Transcribe the records that follow exactly. Skip the pictures.

= Beginning of Section =

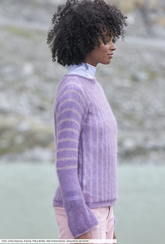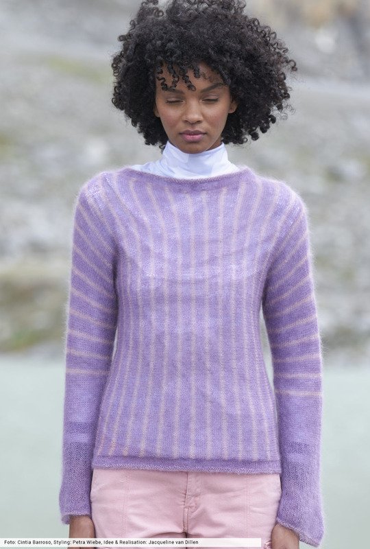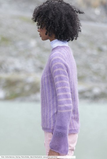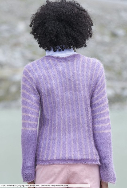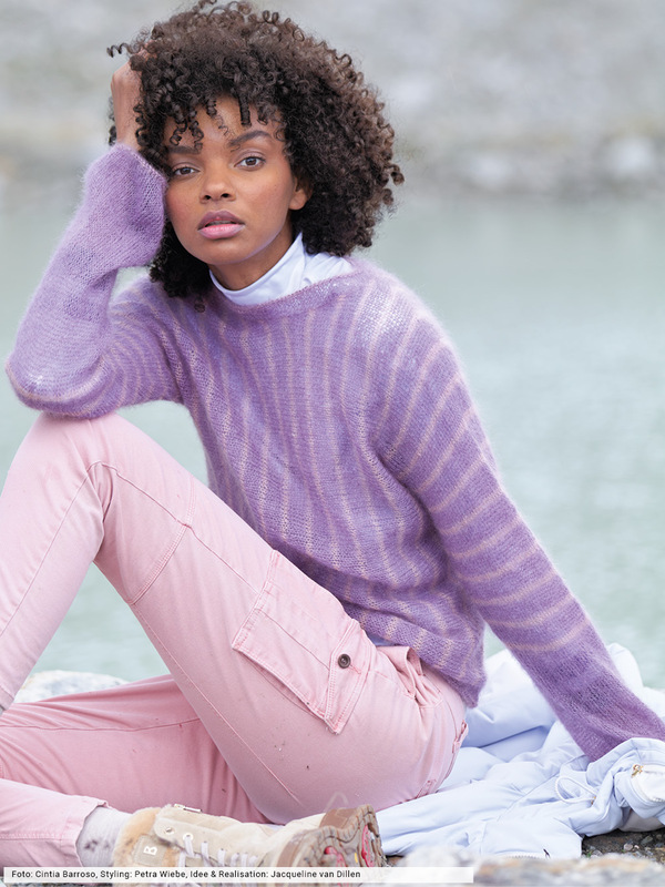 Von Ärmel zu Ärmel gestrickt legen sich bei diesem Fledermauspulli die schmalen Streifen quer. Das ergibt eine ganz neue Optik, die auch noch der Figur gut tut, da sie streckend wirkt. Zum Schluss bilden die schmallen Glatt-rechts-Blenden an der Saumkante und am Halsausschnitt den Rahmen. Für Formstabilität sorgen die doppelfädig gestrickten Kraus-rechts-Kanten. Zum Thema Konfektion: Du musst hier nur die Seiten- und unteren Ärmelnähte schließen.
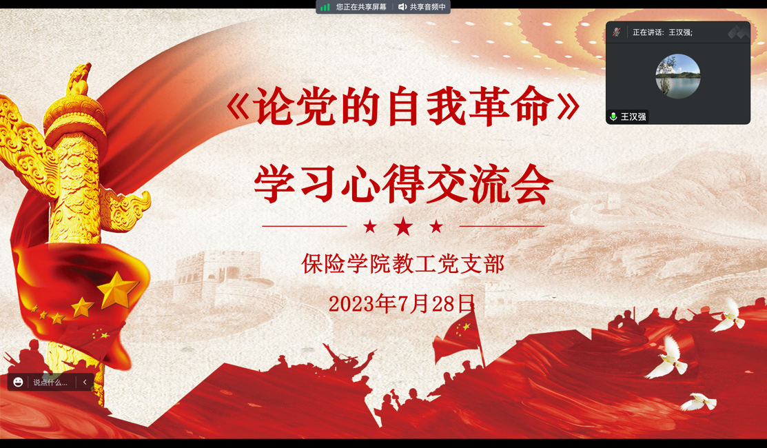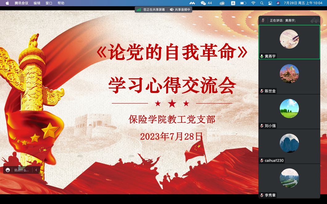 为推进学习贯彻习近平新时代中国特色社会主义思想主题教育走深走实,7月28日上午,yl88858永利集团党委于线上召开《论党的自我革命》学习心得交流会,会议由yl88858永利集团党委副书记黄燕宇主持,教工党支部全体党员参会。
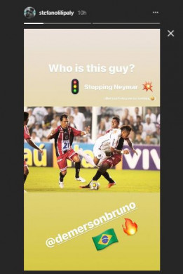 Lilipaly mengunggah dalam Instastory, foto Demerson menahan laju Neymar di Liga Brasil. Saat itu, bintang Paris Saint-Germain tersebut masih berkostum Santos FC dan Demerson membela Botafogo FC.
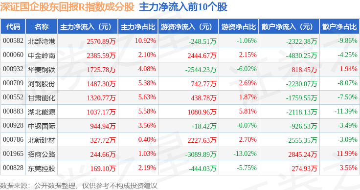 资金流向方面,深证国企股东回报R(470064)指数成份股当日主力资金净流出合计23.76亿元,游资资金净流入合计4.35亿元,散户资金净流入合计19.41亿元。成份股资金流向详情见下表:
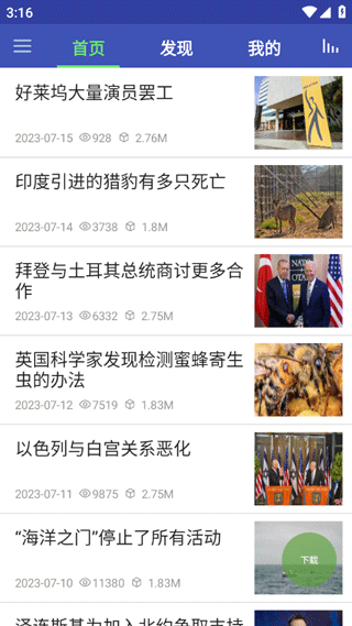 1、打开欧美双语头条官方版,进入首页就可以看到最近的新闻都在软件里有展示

= End of Section =

[SOLUTION]
 Von Ärmel zu Ärmel gestrickt legen sich bei diesem Fledermauspulli die schmalen Streifen quer. Das ergibt eine ganz neue Optik, die auch noch der Figur gut tut, da sie streckend wirkt. Zum Schluss bilden die schmallen Glatt-rechts-Blenden an der Saumkante und am Halsausschnitt den Rahmen. Für Formstabilität sorgen die doppelfädig gestrickten Kraus-rechts-Kanten. Zum Thema Konfektion: Du musst hier nur die Seiten- und unteren Ärmelnähte schließen.
 为推进学习贯彻习近平新时代中国特色社会主义思想主题教育走深走实,7月28日上午,yl88858永利集团党委于线上召开《论党的自我革命》学习心得交流会,会议由yl88858永利集团党委副书记黄燕宇主持,教工党支部全体党员参会。
 Lilipaly mengunggah dalam Instastory, foto Demerson menahan laju Neymar di Liga Brasil. Saat itu, bintang Paris Saint-Germain tersebut masih berkostum Santos FC dan Demerson membela Botafogo FC.
 资金流向方面,深证国企股东回报R(470064)指数成份股当日主力资金净流出合计23.76亿元,游资资金净流入合计4.35亿元,散户资金净流入合计19.41亿元。成份股资金流向详情见下表:
 1、打开欧美双语头条官方版,进入首页就可以看到最近的新闻都在软件里有展示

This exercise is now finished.